Replacing a node in a LifeKeeper for Windows cluster that has DataKeeper mirrored volume resources involves making the following changes:
- Move any DataKeeper Volume resources from the node being replaced to another node in the cluster
- Using the registry editor, remove the node being replaced from the DataKeeper job for each mirrored volume. For 1×1 mirrors (2 node cluster) delete the DataKeeper job.
- For each mirrored volume, use EMCMD to delete mirrors from the source system to the target node which is being replaced
- Remove the node from the cluster
- Version 8.9.0 and later – use the delallsys.pl utility to remove the system
- Versions prior to 8.9.0 – manually remove comm paths, equivalencies, and the system from the LifeKeeper Configuration Database
- Bring up the replacement node
- Use the DataKeeper GUI to re-create mirrors to the new node
- Add the node to the LifeKeeper cluster
There are two cases that require slightly different steps to achieve node replacement. The first case involves a cluster node that has been lost and cannot be recovered, the second is the case where a node is planned to be replaced, but is still up and running prior to replacement.
Within those two cases are two scenarios that also require slightly different steps. The first scenario is a two-node cluster, with one mirror for each clustered volume. The second scenario is a three-node cluster, or a two-node cluster with a node outside the cluster.
Case 1 – Node is lost and Not recoverable
SCENARIO 1: Two-node cluster with no nodes outside the cluster
In this example, there is a two-node DKCE cluster. The cluster nodes are:
- W16-1
- W16-2
There are two mirrored volumes – E: and F:.
Node W16-2 has been lost and is not recoverable. It will be replaced with a new node, also named W16-2.
Step 1 – Move any DataKeeper Volume resources from the node being replaced to another node in the cluster
LifeKeeper hierarchies are in service on node W16-1.
Step 2 – Using the registry editor, delete the jobs that contain mirrored volumes.
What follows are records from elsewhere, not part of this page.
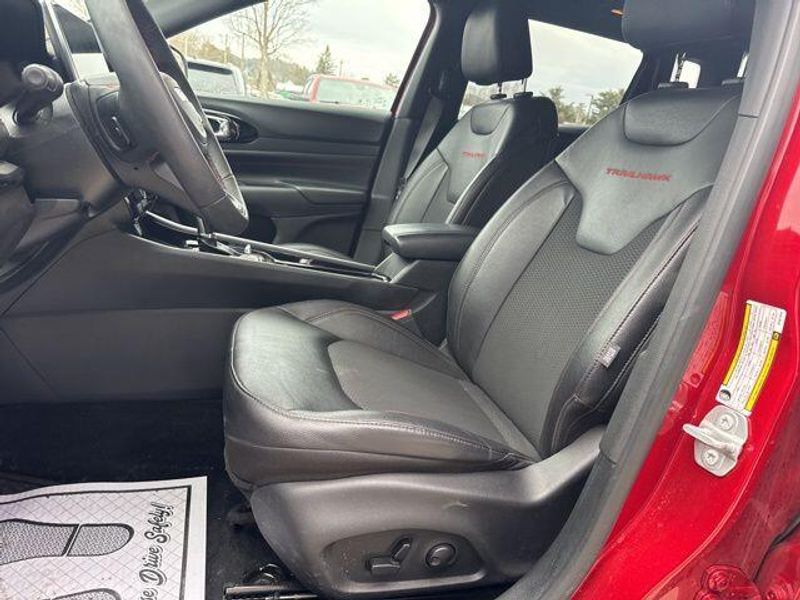The Trailhawk Convenience Group and Sun & Sound Group elevate this Compass to new heights, offering a premium Alpine audio system, heated front seats and steering wheel, power-adjustable driver's seat, and a panoramic sunroof ? perfect for taking in the great outdoors.
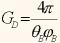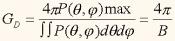 يعرف المعامل B على أنه مساحة مقطع النموذج الإشعاعي؛ وهذه المساحة تساوي تقريباً حاصل الضرب ؛ حيث هي الزاوية بين النقط التي تنخفض فيها القدرة المشعة إلى نصف قيمتها العظمى في المستوى الأفقي، (اُنظر شكل زاوية في المستوى الأفقيjB وهي الزاوية نفسها في المستوى الرأسي، ويصبح معامل الكسب الاتجاهي GD في حالة قياس الزوايا بالتقدير الدائري كالآتي:
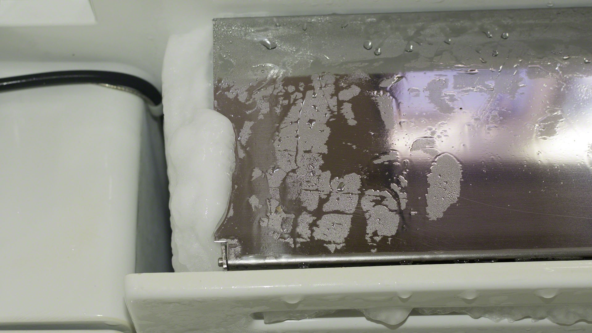 After over a month of opening the fridge in humid conditions, the evaporator plates have a very large amount of ice on them, rendering them energy-inefficient and it was time to defrost. The fridge contents were placed in thermal bags while I tried to get the process of melting ice to go quickly
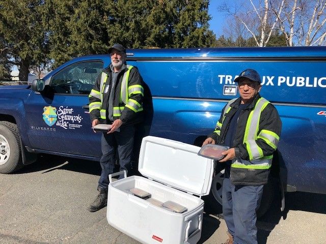 Première livraison de la popotte roulante par nos employés municipaux Denis et Paul.
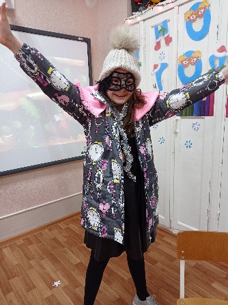На спинке двух стульев висит по зимней куртке с вывернутыми рукавами, а на сиденьях лежит по меховой шапке, шарфу и паре варежек.
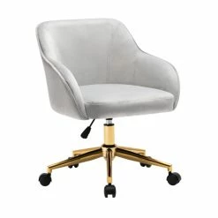 Completely upholstered in luxurious and soft velvet fabric, this swivel office chair offers both comfort and style for the home or office. It features a unique and contemporary seat shape with sloped arms for a modern look. Personalize seat height from 17.52 to 20.67 inches with the easy-to-adjust gas lift. It is ideal for use in any office setting, workspace, home office or even a game room table. Chair is easily assembled with minimal effort.
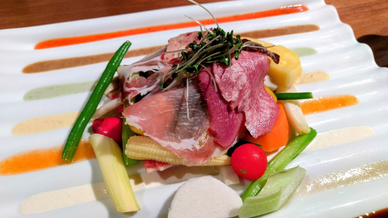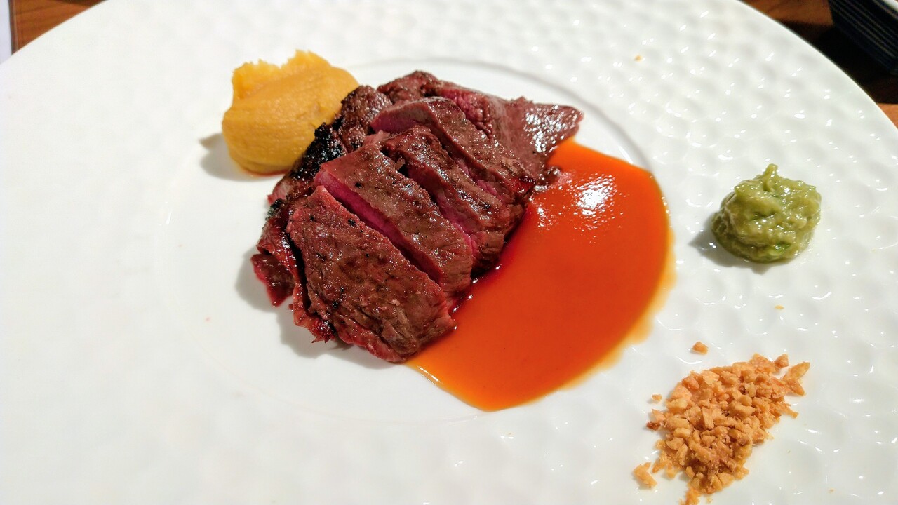 飛騨牛赤身ランチコースを頂きました。前菜のガーデンサラダは、八種類のソースが虹のように描かれており、目でも楽しむことができる一品。蕪と生姜のソースがセロリなど癖が強い野菜とマッチして美味しかったです。メインの飛騨牛ステーキは、山葵・にんにくチップ・マッシュ安納芋と共に頬張ると、何とも言えない贅沢感。この日は、金時豆と薩摩芋の土鍋ご飯でした。
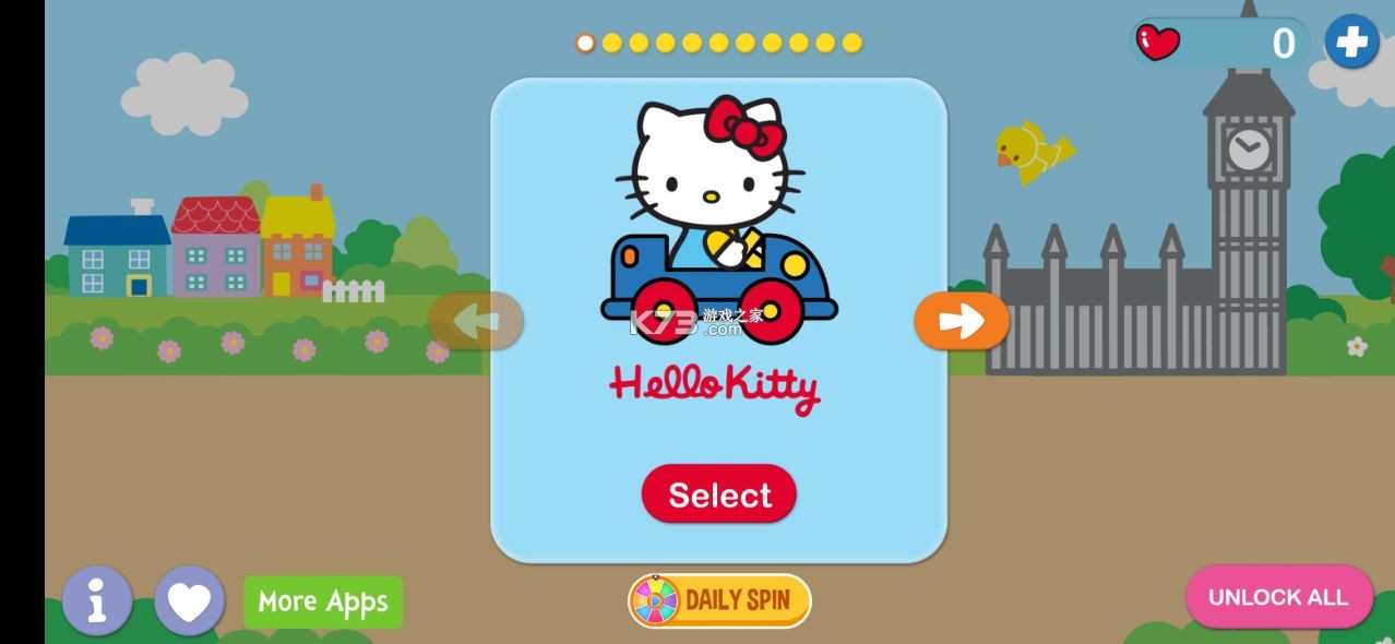 《凯蒂猫环球之旅(Hello Kitty Racing Adventures)》是一款画风非常治愈小清新的游戏。现在我们可以操控各种可爱的凯蒂猫踏上全新的冒险之旅,在各种特殊的关卡之中运用这些凯蒂猫来突破重重的障碍,解锁全新的车辆让你的冒险变得更为的有趣,使你的游戏玩起来更具乐趣。
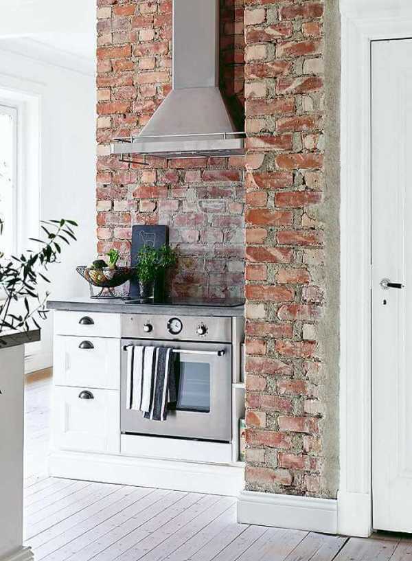 Кирпич – экологичный и термически устойчивый материал, отлично подходящий для кухни. Лично мне очень нравится яркий красный кирпич в сочетании с современной белоснежной кухней.
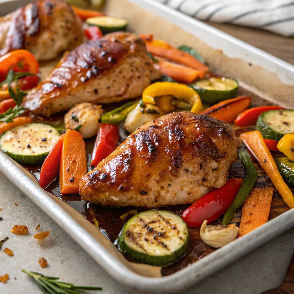 This sheet-pan dinner is versatile. Use your favorite seasonal vegetables, adjust the glaze sweetness, or serve over grains for a complete, balanced meal. It’s nutritious, colorful, and incredibly satisfying, perfect for those who want a healthy dinner without spending hours in the kitchen.
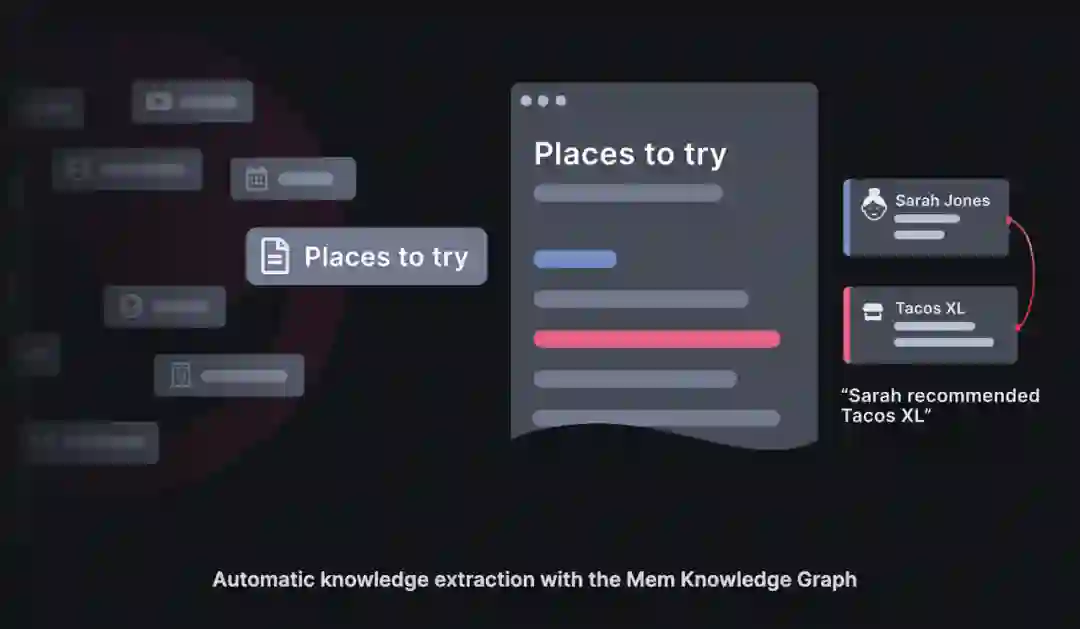 Mem会通过AI将这些不同节点上的Entity进行分析和连接,比如你在一条笔记中提到了某位朋友推荐的一家餐馆,这两个信息点都会在知识图谱中进行分析和归类,并自动形成关联,当外部条件触发时,这些信息就会自动呈现在用户的面前。
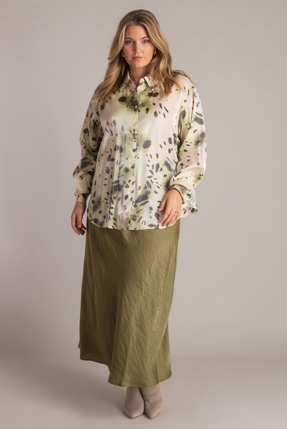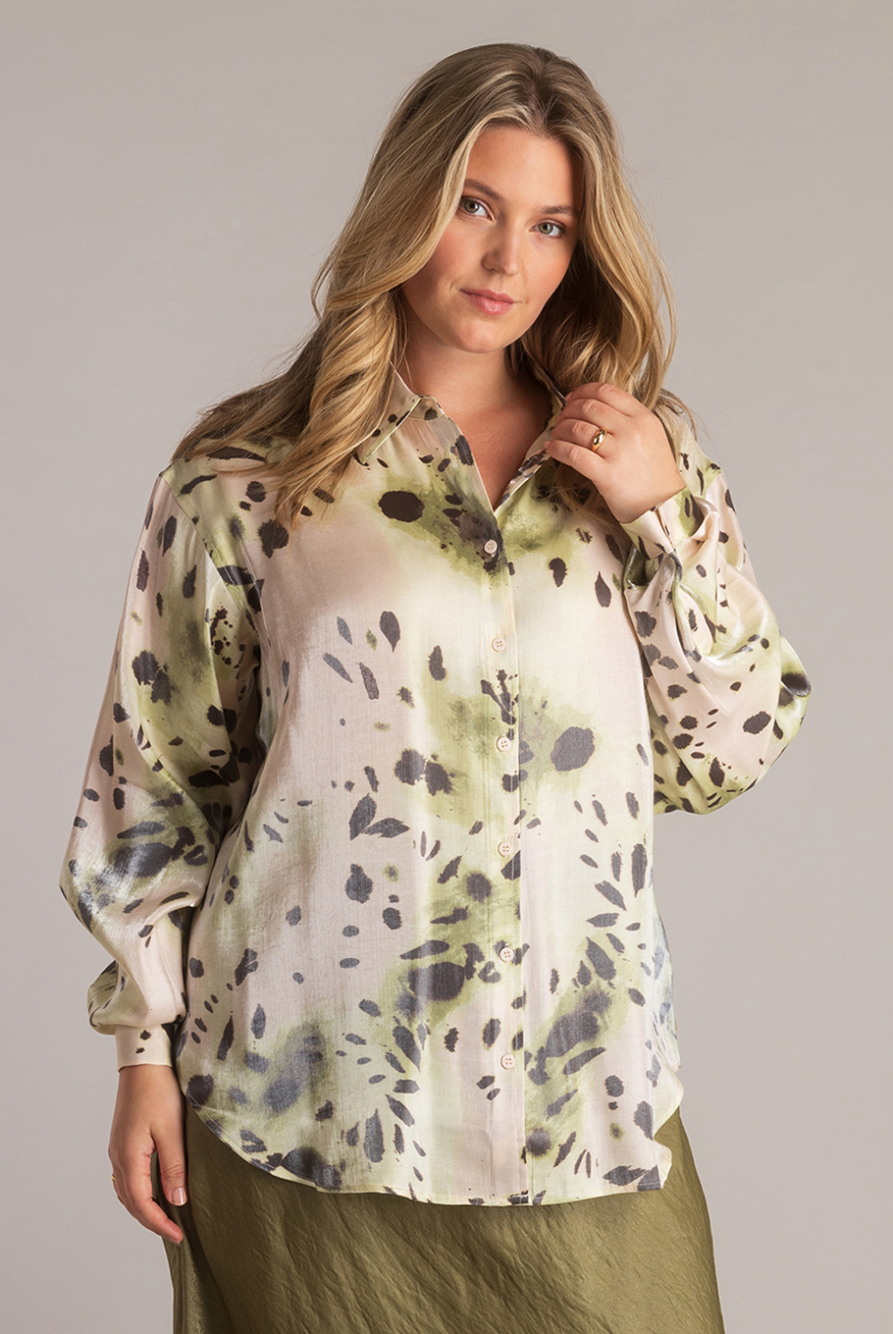 Jutta heeft die mooie, glanzende vibe die meteen opvalt. De comfort fit zit heerlijk relaxed, de stof voelt luchtig en de allover print brengt beweging en kleur in je outfit. Zo’n blouse die je in één keer een frisse, moderne look geeft.
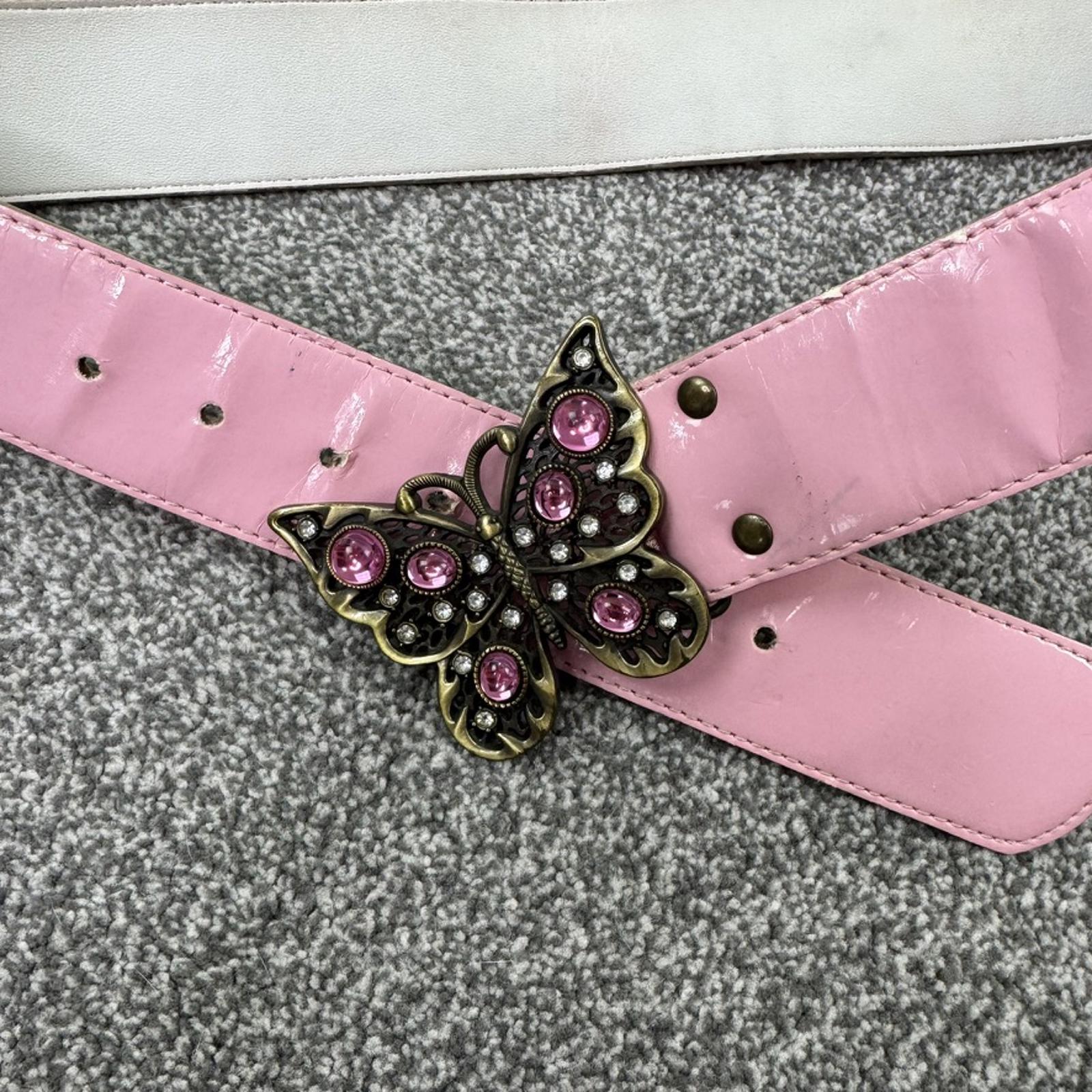 Y2K vintage faux patent leather butterfly belt rhinestone baby pink shiny
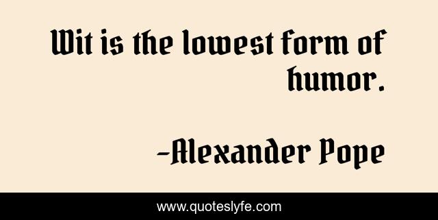 This page presents the quote "Wit is the lowest form of humor.". Author of this quote is Alexander Pope. This quote is about lowest, wit, form,.
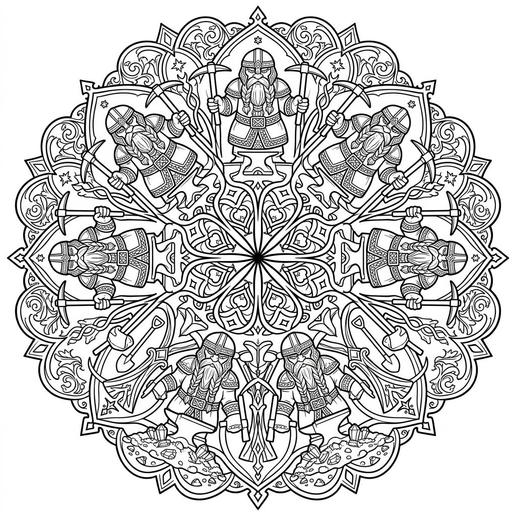 Preparing to color this intricate piece? Consider using metallic shades for the tools and ore to make them gleam against deeper, rich tones for the dwarves' attire and beards. Experiment with a limited palette of dark jewel tones, greys, and silvers to enhance the Gothic mood, perhaps adding subtle highlights to bring out the ornate details. Take your time, letting the symmetrical patterns guide your hand, and enjoy the meditative process of bringing this epic dwarf mandala to vibrant life.
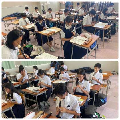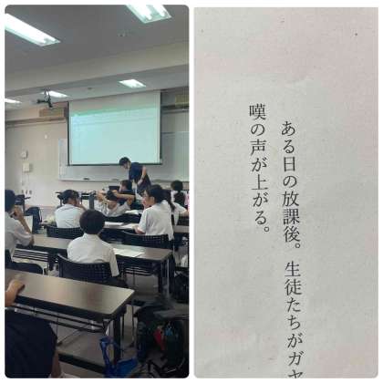 リコーダーの練習、作品の作成、セリフの担当決めに取り組みました。
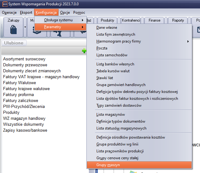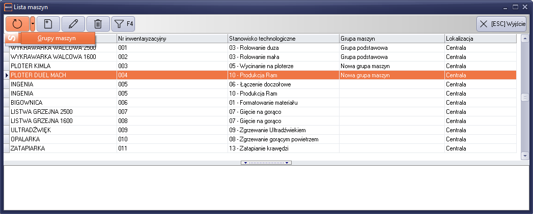 Definicję grup maszyn możemy wykonać poziomu menu technicznego menu głównego programu. Konfiguracja->Parametry->Grupy maszyn.

DataKeeper Jobs are stored in the Windows registry, in the following registry key:
HKEY_LOCAL_MACHINE\System\CurrentControlSet\Services\ExtMirr\Parameters\Jobs
Start the registry editor and navigate to that key.
Each DataKeeper job has an ID, which you’ll see as a subkey in the “Jobs” key. For example, on this system there are two jobs “E” and “F”. The job ID is listed in the output of the “emcmd . getjobinfo” command:
|
---|
The registry shows the two Job IDs.
Each job should be deleted, unless it contains information about mirrored volumes that are not part of the cluster. To delete the job, right-click the key whose name is the job ID, and choose “Delete”. This removes the job completely from DataKeeper on this system.
Note: Some DataKeeper jobs contain information for more than one volume.
After completing this step on one of the cluster nodes, repeat it on all other cluster nodes.
Step 3 – For each mirrored volume, use EMCMD to delete mirrors from the source system to the target node which is being replaced
To delete a mirror using EMCMD, start a CMD prompt on the mirror source node. Then change directory to the DataKeeper install directory using the command “cd /d %ExtMirrBase%”.
To delete the mirror for a mirrored volume that has only one target, run this command:
emcmd . deletemirror <vol>
In this case, run the commands:
C:\Program Files (x86)\SIOS\DataKeeper>emcmd . deletemirror f |
---|
Step 4 – Remove the node from the cluster
At this point, the node has been completely removed from DataKeeper. The next step in the replacement process is to remove the node from the LifeKeeper cluster.
Version 8.9.0 and later – use delallsys.pl
If your LifeKeeper version is 8.9.0 or later, the delallsys.pl utility is included with LifeKeeper. To use this tool, follow these steps.
- Open a CMD prompt
- Change directory to the LifeKeeper bin directory by running the command “cd /d %LKBIN%”
- Start a shell session by running the command “sh”
- Set PATH using the command “export PATH=$PATH:/bin”
- Run the delallsys.pl script by running the command “perl delallsys.pl -f <node name>”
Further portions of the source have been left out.